> [Task to carry out]: Output all the entries word for word. Omit the pictures.

Stored dataset items
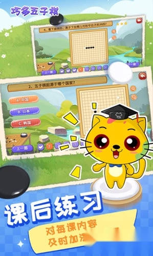 每节课结束时,我们会用儿歌总结的形式,帮助孩子轻松又有趣地记住课程重点,再搭配课后练习,让他们复习和巩固所学知识。另外,还有五子棋人机对弈功能,能让孩子把学到的内容用起来。
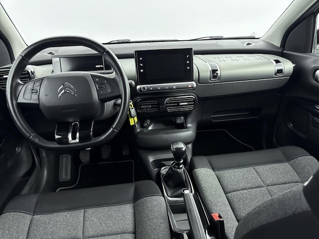 Het personaliseren van uw cockpitinterface is mogelijk met het digitale dashboard in deze auto. 'Boem is ho'? Niet met deze achteruitrijcamera. U ziet achter net zo goed als voor en krijgt een duidelijk geluidssignaal! Hoe is het met de banden, de accu en andere onderdelen? Connected Services maakt het inzichtelijk, 24/7 via de app. Onderweg kunt u veilig genieten van het audiosysteem met DAB-radio en het full map navigatiesysteem. Want in deze Citroen bedient u ze vanaf het stuurwiel of met uw stem. Of het buiten nu warm is of koud, dankzij automatische airconditioning is het binnen altijd behaaglijk. Natuurlijk behoren regensensor, cruise control, automatisch dimmende binnenspiegel, lederen stuur en centrale deurvergrendeling met afstandsbediening ook tot de uitrusting van deze complete auto.
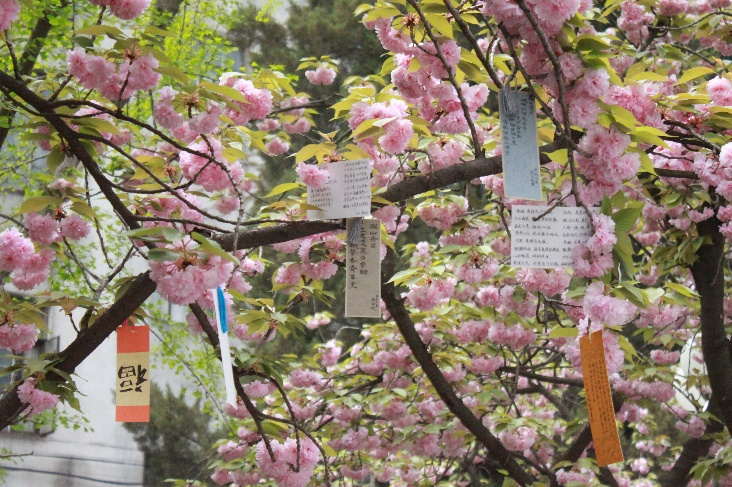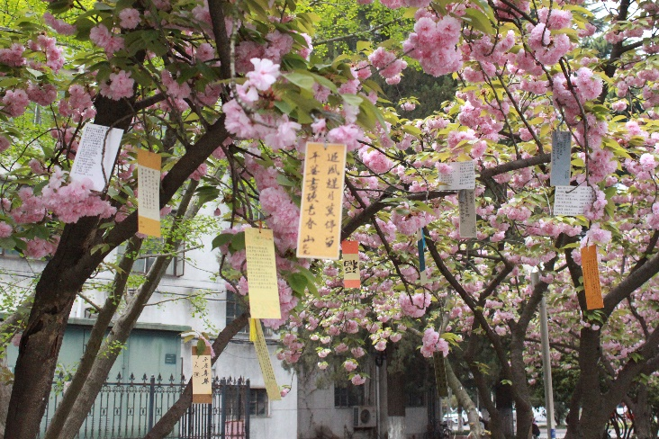 活动结束后,同学们的优秀作品被挂在校园中的樱花树上展示。阳光下,樱花瓣在风中轻轻飘落,一枚枚书签随之舞动,空气里弥漫着青春与梦想的气息。路过的同学无不被这美景深深吸引,不由地停下脚步,拍照记录。
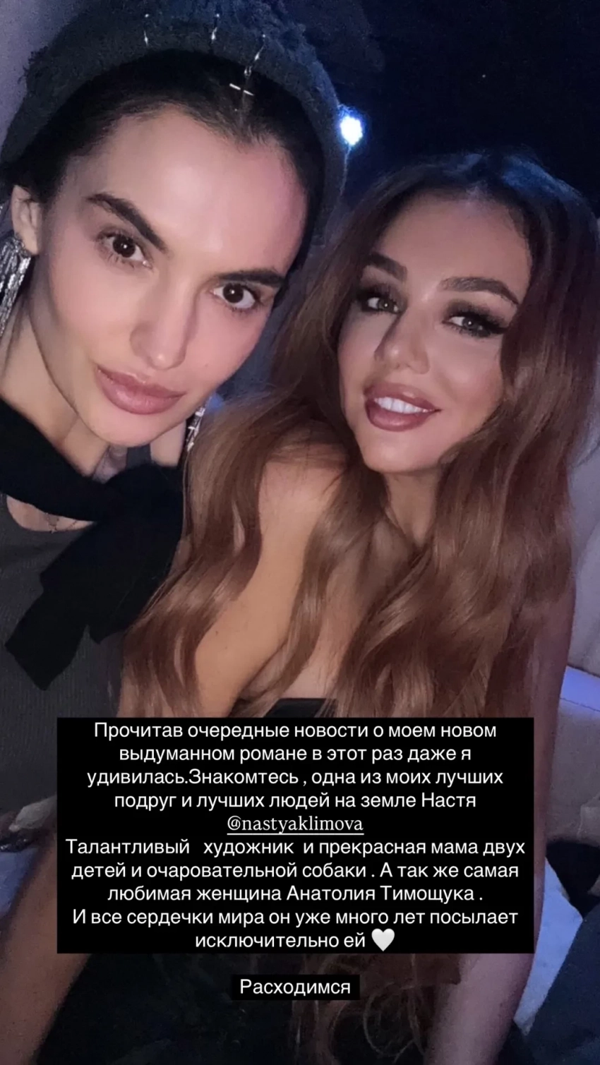 Анатолий Тимощук и Анастасия КлимоваВ подтверждение своих слов артистка опубликовала снимок с подругой и написала: "Прочитав очередные новости о моём новом выдуманном романе, в этот раз я даже удивилась. Знакомьтесь, одна из моих лучших подруг и лучших людей на Земле — Настя. Талантливый художник и прекрасная мама двух детей и очаровательной собаки. А также самая любимая женщина Анатолия Тимощука. И все сердечки мира он уже много лет посылает исключительно ей".
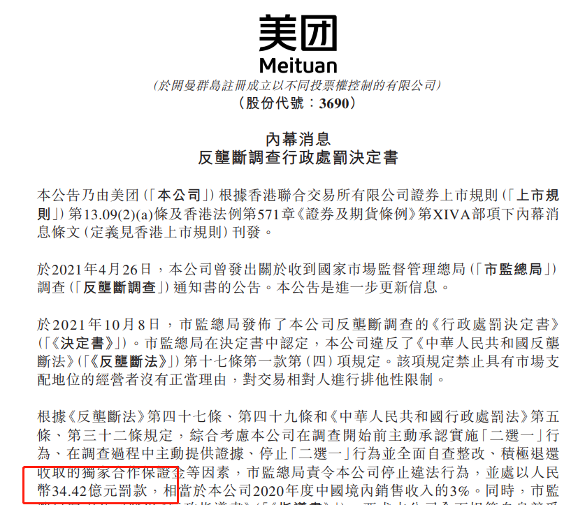 10月8日,國家市場監(jiān)管總局根據(jù)《中華人民共和國反壟斷法》第四十七條、第四十九條規(guī)定,綜合考慮美團違法行為的性質(zhì),依法作出行政處罰決定,責令美團停止違法行為,并處以其2020年中國境內(nèi)銷售額3%的罰款,計34.42億元。
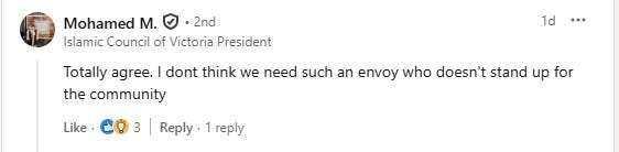 Islamic Council of Victoria President Mohamed Mohideen was scathing of Malik’s invitation to Hanson, writing on LinkedIn: “I don’t think we need such an envoy who doesn’t stand up for the community.”

> [Result for this task]:
 每节课结束时,我们会用儿歌总结的形式,帮助孩子轻松又有趣地记住课程重点,再搭配课后练习,让他们复习和巩固所学知识。另外,还有五子棋人机对弈功能,能让孩子把学到的内容用起来。
 Het personaliseren van uw cockpitinterface is mogelijk met het digitale dashboard in deze auto. 'Boem is ho'? Niet met deze achteruitrijcamera. U ziet achter net zo goed als voor en krijgt een duidelijk geluidssignaal! Hoe is het met de banden, de accu en andere onderdelen? Connected Services maakt het inzichtelijk, 24/7 via de app. Onderweg kunt u veilig genieten van het audiosysteem met DAB-radio en het full map navigatiesysteem. Want in deze Citroen bedient u ze vanaf het stuurwiel of met uw stem. Of het buiten nu warm is of koud, dankzij automatische airconditioning is het binnen altijd behaaglijk. Natuurlijk behoren regensensor, cruise control, automatisch dimmende binnenspiegel, lederen stuur en centrale deurvergrendeling met afstandsbediening ook tot de uitrusting van deze complete auto.
 活动结束后,同学们的优秀作品被挂在校园中的樱花树上展示。阳光下,樱花瓣在风中轻轻飘落,一枚枚书签随之舞动,空气里弥漫着青春与梦想的气息。路过的同学无不被这美景深深吸引,不由地停下脚步,拍照记录。
 Анатолий Тимощук и Анастасия КлимоваВ подтверждение своих слов артистка опубликовала снимок с подругой и написала: "Прочитав очередные новости о моём новом выдуманном романе, в этот раз я даже удивилась. Знакомьтесь, одна из моих лучших подруг и лучших людей на Земле — Настя. Талантливый художник и прекрасная мама двух детей и очаровательной собаки. А также самая любимая женщина Анатолия Тимощука. И все сердечки мира он уже много лет посылает исключительно ей".
 10月8日,國家市場監(jiān)管總局根據(jù)《中華人民共和國反壟斷法》第四十七條、第四十九條規(guī)定,綜合考慮美團違法行為的性質(zhì),依法作出行政處罰決定,責令美團停止違法行為,并處以其2020年中國境內(nèi)銷售額3%的罰款,計34.42億元。
 Islamic Council of Victoria President Mohamed Mohideen was scathing of Malik’s invitation to Hanson, writing on LinkedIn: “I don’t think we need such an envoy who doesn’t stand up for the community.”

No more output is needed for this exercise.